In a nation that prides itself in originality, there are few places carrying original goods.  Perhaps it is time to see more retail outlets offering smaller batches of merchandise from original designers and suppliers.  I realize there are economies of scale, but with staples there are alternate solutions to overcoming the challenges of economy of scale.   It would be nice for a change to not see everyone wearing the same thing or finding in a house the same layout as the last house.   With some merchandise, pots and pans, for example, sure it will be the same.   But furniture?

Perhaps we need a more educated consumer.  Pundits claim we are educated through the Internet, but do we really know the difference in woods in furniture, the types of finish, the distinctions in quality?   Having watched shoppers in furniture stories, I would think not.   In fact, the level of ignorance about the goods we are laying out money for is fairly astounding.

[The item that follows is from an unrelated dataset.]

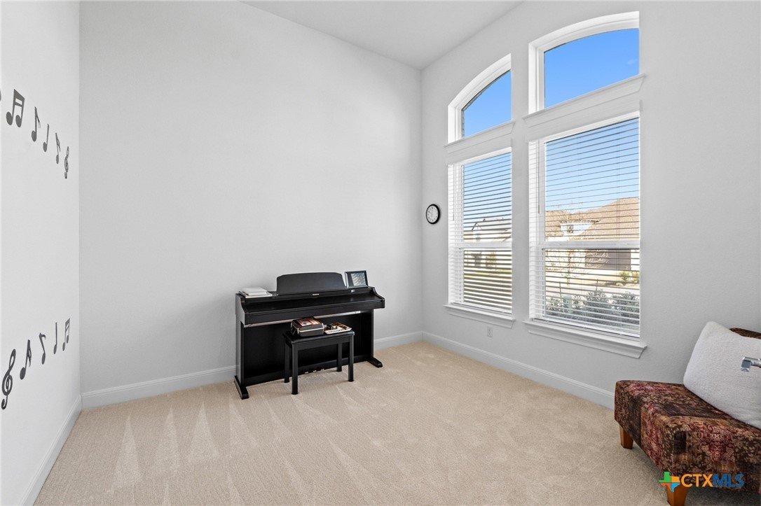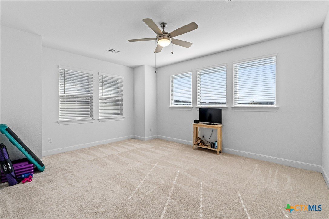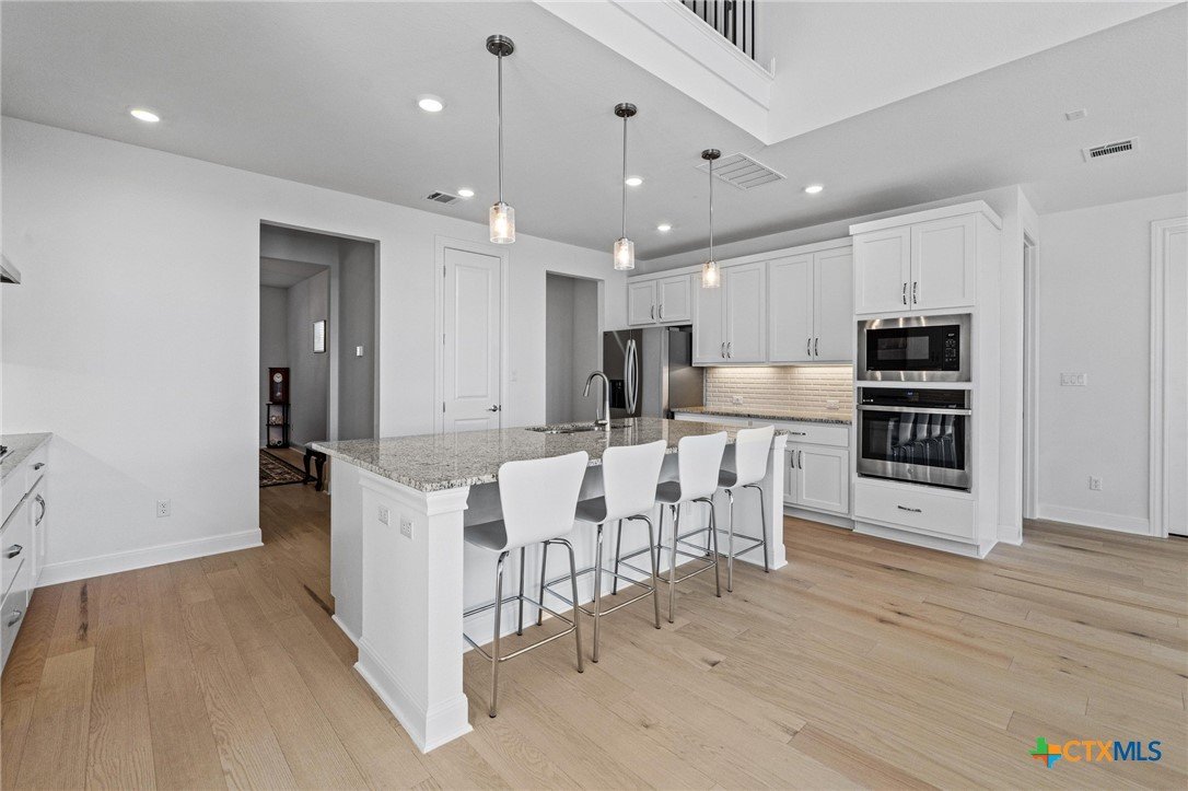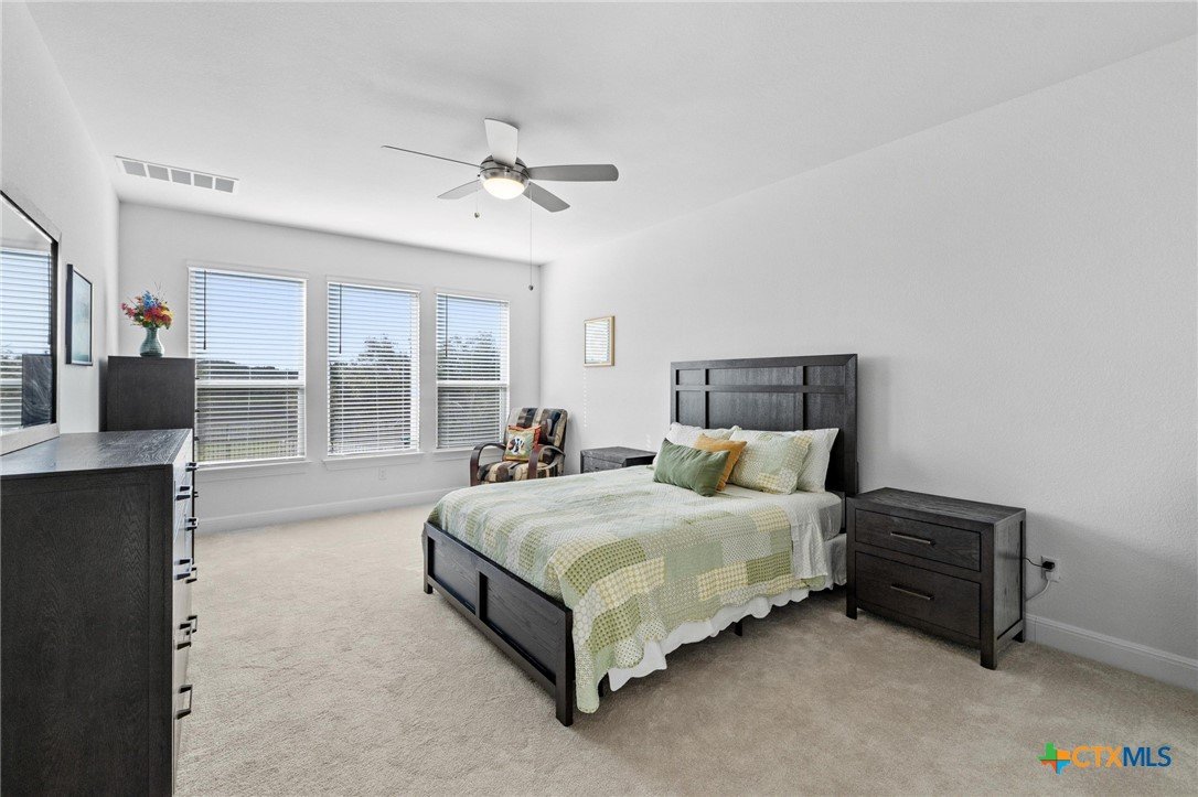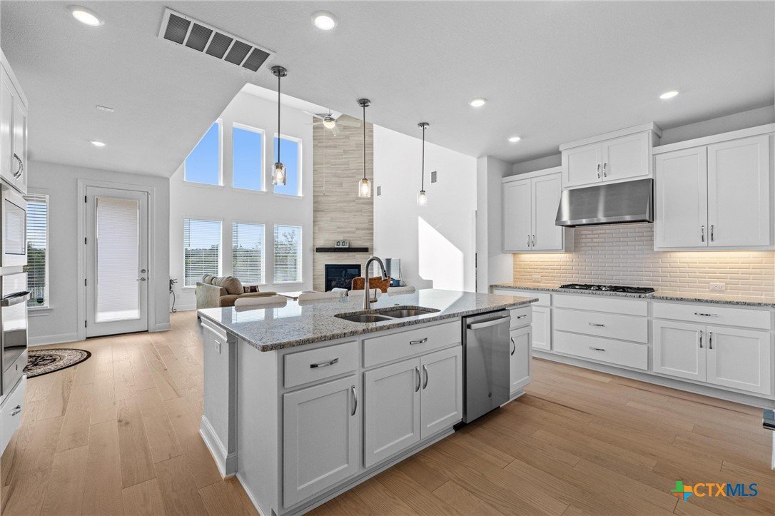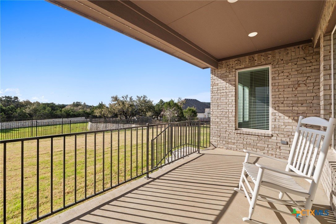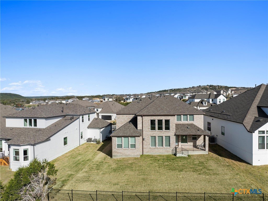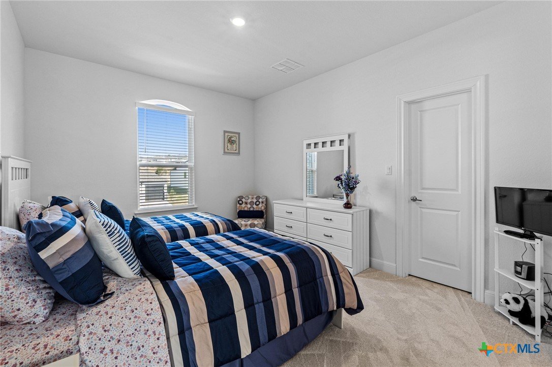 Beautiful home in new Calabria section of Travisso. INCENTIVES 3% of final PURCHASE PRICE applied towards closing costs, rate buydown and/or price reduction. Sapphire open concept floorplan with 5 bedrooms/4.5 baths on NORTH WEST facing GREENBELT LOT. Stately 100% brick home standouts as a distinctive classic. TWO MAIN LEVEL BEDROOMS: Spacious master suite (with 3’x1’ 2'7"construction add on) plus private guest quarters with ensuite bathroom. Perfect for family or parents from abroad visiting for a lengthy stay or friends dropping in for a weekend stay. Front foyer with 19’4” ceiling grandly leads past OFFICE/STUDY (11’4”x11’) with French doors and FORMAL DINING (10.3”x13’11”) directly to the GREAT ROOM. Powder bath with pedestal sink off long foyer. Wrought iron railing on second story showcases GREAT ROOM (18’1”x21’10”) below with tall windows looking out over the greenbelt and hill country beyond. Oodles of natural light coming through tall picture windows plus ~40 recessed can lights makes this a bright and light home. MEDIA ROOM wired for data, sound and projector makes for memorable family movie nights. Large GAME ROOM (16’7”x13’3”) upstairs could be teen get away, playroom, craft room, project central, quiet area for homework, or flex. Granite kitchen island (7’9”x3’8”) with spacious breakfast bar plus CASUAL DINING with access to large covered patio. Huge gourmet kitchen with 5 burner gas cooktop, built-in oven and microwave plus 14’9” linear counter space. Refrigerator (~1+ yr. old) coveys. Second bedroom at top of stairs with ensuite bath offers privacy for college student, resident princess, or favorite child. Loop for water softener in garage. Two HVAC units plus two tankless water heaters. Covered patio is 16’10”x8’3”. Washer and dryer (~1+ yr. old) in laundry room convey. No need to build from scratch, this beauty with a fully transferable warranty and 3% INCENTIVES is ready for move in now!

Maybe one way to stimulate this economy is to be a little more original.   To understand quality and craftsmanship and realize the best things are built to last.  Use them, wear them and allow them to take on the vintage textures of an original creation.   Don’t buy junk, because it has a label you can recognize.

Of course the original designers in time may become popular.  Once they do they will scale up production as people rush to buy their goods.   They will buy blindly, with great faith it will boost their status in the eyes of others.   And then these original products will become so popular we will have…branding.  Oh, well.